'''

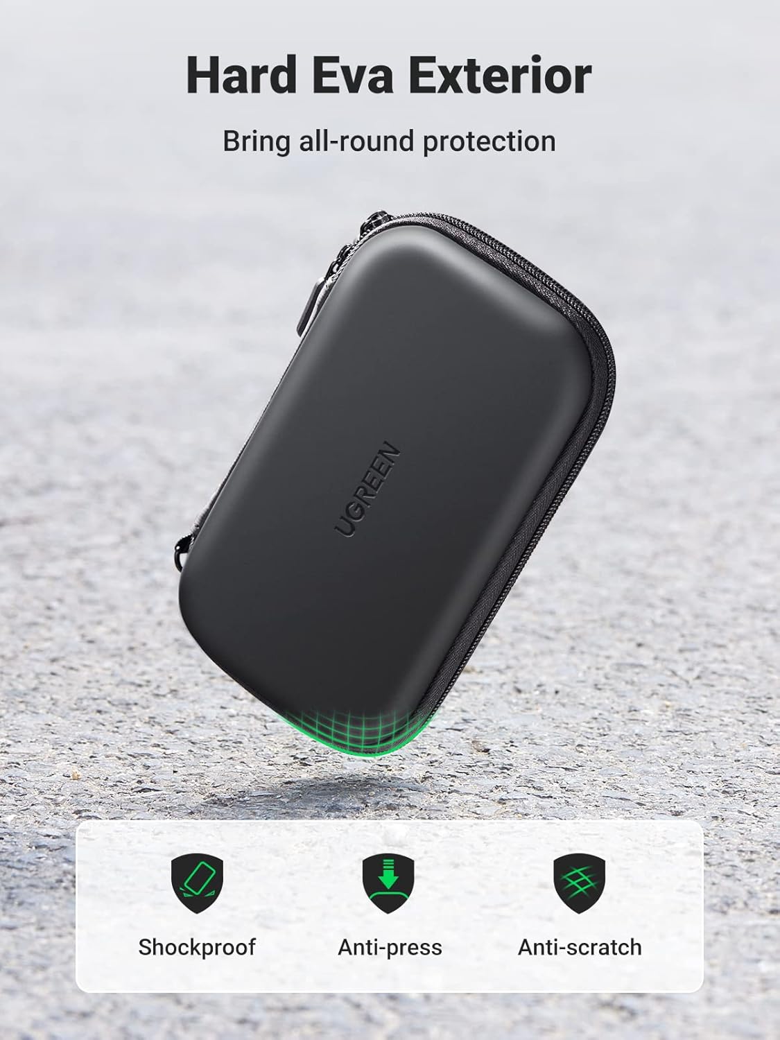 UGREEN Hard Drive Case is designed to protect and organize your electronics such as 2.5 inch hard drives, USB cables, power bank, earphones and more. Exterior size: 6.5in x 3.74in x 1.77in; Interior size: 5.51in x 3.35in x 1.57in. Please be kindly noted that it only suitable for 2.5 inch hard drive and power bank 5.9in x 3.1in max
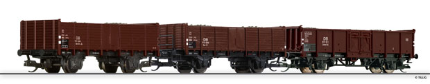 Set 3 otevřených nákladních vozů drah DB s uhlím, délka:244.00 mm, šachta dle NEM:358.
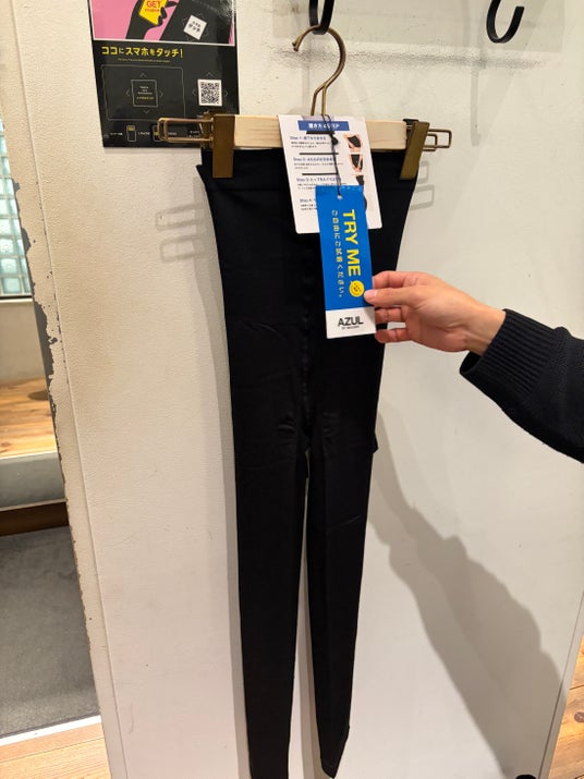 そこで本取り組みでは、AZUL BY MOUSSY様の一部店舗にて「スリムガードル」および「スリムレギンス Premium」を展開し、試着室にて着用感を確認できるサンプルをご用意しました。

'''
'''

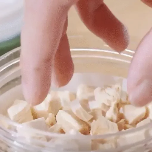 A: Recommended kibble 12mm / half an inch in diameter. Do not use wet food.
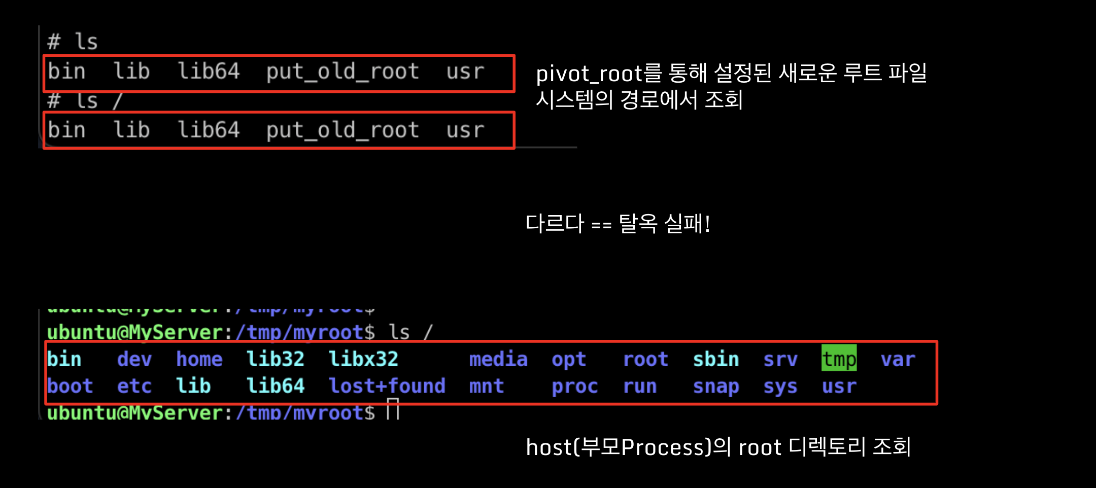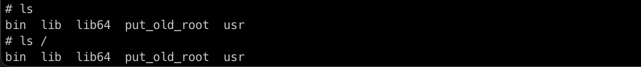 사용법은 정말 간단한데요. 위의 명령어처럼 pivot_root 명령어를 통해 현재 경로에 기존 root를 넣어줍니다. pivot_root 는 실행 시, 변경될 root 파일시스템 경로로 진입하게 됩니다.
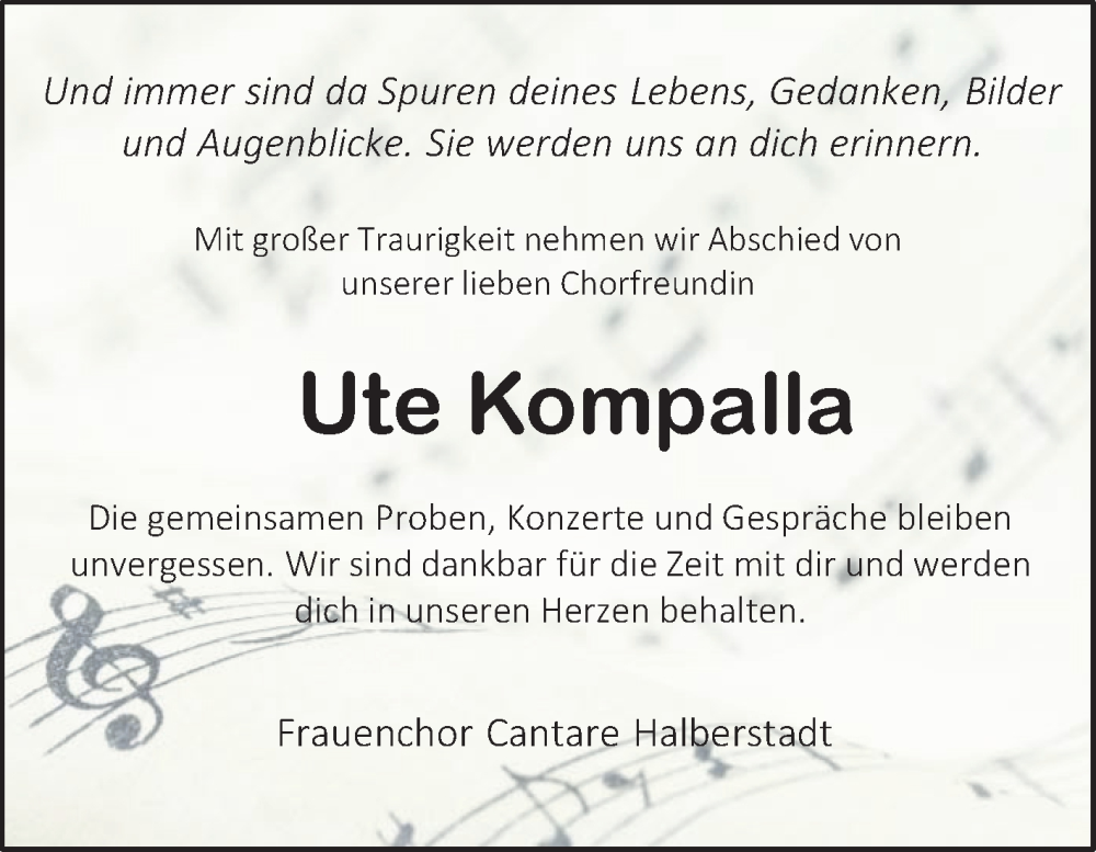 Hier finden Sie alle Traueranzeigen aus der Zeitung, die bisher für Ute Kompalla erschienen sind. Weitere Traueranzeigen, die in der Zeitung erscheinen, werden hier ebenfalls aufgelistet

'''
'''

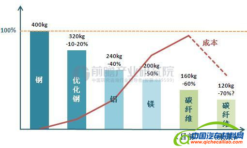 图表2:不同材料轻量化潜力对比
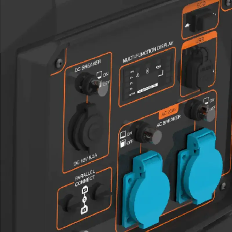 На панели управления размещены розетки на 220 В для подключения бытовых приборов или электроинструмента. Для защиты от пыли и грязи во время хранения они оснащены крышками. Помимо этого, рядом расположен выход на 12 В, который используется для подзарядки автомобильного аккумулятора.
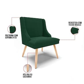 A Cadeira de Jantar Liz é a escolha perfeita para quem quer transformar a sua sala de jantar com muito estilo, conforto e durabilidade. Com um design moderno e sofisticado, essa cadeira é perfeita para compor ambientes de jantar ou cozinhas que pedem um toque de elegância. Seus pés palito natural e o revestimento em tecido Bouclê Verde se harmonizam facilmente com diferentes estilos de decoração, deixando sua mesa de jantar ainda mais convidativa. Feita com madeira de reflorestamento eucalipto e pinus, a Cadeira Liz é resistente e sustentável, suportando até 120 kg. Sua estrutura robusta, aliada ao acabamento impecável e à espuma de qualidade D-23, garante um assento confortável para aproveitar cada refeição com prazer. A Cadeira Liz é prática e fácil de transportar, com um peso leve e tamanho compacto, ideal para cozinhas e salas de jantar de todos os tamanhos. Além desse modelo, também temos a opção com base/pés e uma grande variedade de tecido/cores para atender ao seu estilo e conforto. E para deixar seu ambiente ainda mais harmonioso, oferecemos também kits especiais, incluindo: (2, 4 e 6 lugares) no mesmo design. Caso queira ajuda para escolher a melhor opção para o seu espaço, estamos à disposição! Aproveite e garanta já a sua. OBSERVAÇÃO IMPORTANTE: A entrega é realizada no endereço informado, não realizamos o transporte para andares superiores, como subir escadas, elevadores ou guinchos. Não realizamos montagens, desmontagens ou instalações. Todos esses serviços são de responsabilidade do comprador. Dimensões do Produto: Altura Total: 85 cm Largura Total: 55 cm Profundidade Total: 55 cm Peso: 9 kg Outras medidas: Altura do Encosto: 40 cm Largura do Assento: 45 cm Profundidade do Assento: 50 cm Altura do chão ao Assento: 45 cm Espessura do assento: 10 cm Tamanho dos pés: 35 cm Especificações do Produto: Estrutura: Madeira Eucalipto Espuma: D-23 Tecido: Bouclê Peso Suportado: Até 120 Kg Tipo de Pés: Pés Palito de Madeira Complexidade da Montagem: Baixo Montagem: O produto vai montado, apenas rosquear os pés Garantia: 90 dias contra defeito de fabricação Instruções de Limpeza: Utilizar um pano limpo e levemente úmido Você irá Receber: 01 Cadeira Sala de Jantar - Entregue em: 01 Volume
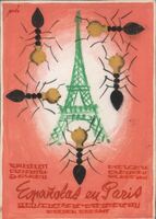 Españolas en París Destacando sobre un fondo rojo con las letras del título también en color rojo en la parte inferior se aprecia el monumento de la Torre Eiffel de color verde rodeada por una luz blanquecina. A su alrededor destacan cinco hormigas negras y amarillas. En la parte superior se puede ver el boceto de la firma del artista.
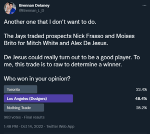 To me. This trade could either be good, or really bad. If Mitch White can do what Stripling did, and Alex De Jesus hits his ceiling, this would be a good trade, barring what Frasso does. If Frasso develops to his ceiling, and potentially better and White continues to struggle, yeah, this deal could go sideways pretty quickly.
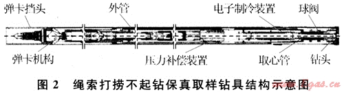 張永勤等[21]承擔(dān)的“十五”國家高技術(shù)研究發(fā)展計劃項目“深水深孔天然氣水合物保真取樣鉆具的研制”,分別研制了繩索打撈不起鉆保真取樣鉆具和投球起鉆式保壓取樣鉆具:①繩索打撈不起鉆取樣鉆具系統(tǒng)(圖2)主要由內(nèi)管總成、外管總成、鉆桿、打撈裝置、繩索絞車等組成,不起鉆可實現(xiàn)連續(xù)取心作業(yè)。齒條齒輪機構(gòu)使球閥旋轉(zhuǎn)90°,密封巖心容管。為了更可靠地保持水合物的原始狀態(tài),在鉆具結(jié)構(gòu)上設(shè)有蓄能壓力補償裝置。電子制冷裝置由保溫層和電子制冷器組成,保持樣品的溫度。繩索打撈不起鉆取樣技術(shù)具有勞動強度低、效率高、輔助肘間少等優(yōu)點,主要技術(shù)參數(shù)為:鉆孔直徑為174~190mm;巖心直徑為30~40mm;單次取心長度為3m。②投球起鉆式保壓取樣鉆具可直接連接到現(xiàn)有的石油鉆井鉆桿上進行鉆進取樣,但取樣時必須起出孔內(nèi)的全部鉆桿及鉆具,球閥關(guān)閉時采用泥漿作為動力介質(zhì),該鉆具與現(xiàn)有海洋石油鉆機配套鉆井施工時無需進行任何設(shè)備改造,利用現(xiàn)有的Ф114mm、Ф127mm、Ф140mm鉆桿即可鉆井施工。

'''

**Exercise:** Give back exactly the lines above from the one with "Españolas en París" through the one with "張永勤等[21]承擔(dān", both included. Pictures don't belong in the copy.

**Solution for this task:**
 Españolas en París Destacando sobre un fondo rojo con las letras del título también en color rojo en la parte inferior se aprecia el monumento de la Torre Eiffel de color verde rodeada por una luz blanquecina. A su alrededor destacan cinco hormigas negras y amarillas. En la parte superior se puede ver el boceto de la firma del artista.
 To me. This trade could either be good, or really bad. If Mitch White can do what Stripling did, and Alex De Jesus hits his ceiling, this would be a good trade, barring what Frasso does. If Frasso develops to his ceiling, and potentially better and White continues to struggle, yeah, this deal could go sideways pretty quickly.
 張永勤等[21]承擔(dān)的“十五”國家高技術(shù)研究發(fā)展計劃項目“深水深孔天然氣水合物保真取樣鉆具的研制”,分別研制了繩索打撈不起鉆保真取樣鉆具和投球起鉆式保壓取樣鉆具:①繩索打撈不起鉆取樣鉆具系統(tǒng)(圖2)主要由內(nèi)管總成、外管總成、鉆桿、打撈裝置、繩索絞車等組成,不起鉆可實現(xiàn)連續(xù)取心作業(yè)。齒條齒輪機構(gòu)使球閥旋轉(zhuǎn)90°,密封巖心容管。為了更可靠地保持水合物的原始狀態(tài),在鉆具結(jié)構(gòu)上設(shè)有蓄能壓力補償裝置。電子制冷裝置由保溫層和電子制冷器組成,保持樣品的溫度。繩索打撈不起鉆取樣技術(shù)具有勞動強度低、效率高、輔助肘間少等優(yōu)點,主要技術(shù)參數(shù)為:鉆孔直徑為174~190mm;巖心直徑為30~40mm;單次取心長度為3m。②投球起鉆式保壓取樣鉆具可直接連接到現(xiàn)有的石油鉆井鉆桿上進行鉆進取樣,但取樣時必須起出孔內(nèi)的全部鉆桿及鉆具,球閥關(guān)閉時采用泥漿作為動力介質(zhì),該鉆具與現(xiàn)有海洋石油鉆機配套鉆井施工時無需進行任何設(shè)備改造,利用現(xiàn)有的Ф114mm、Ф127mm、Ф140mm鉆桿即可鉆井施工。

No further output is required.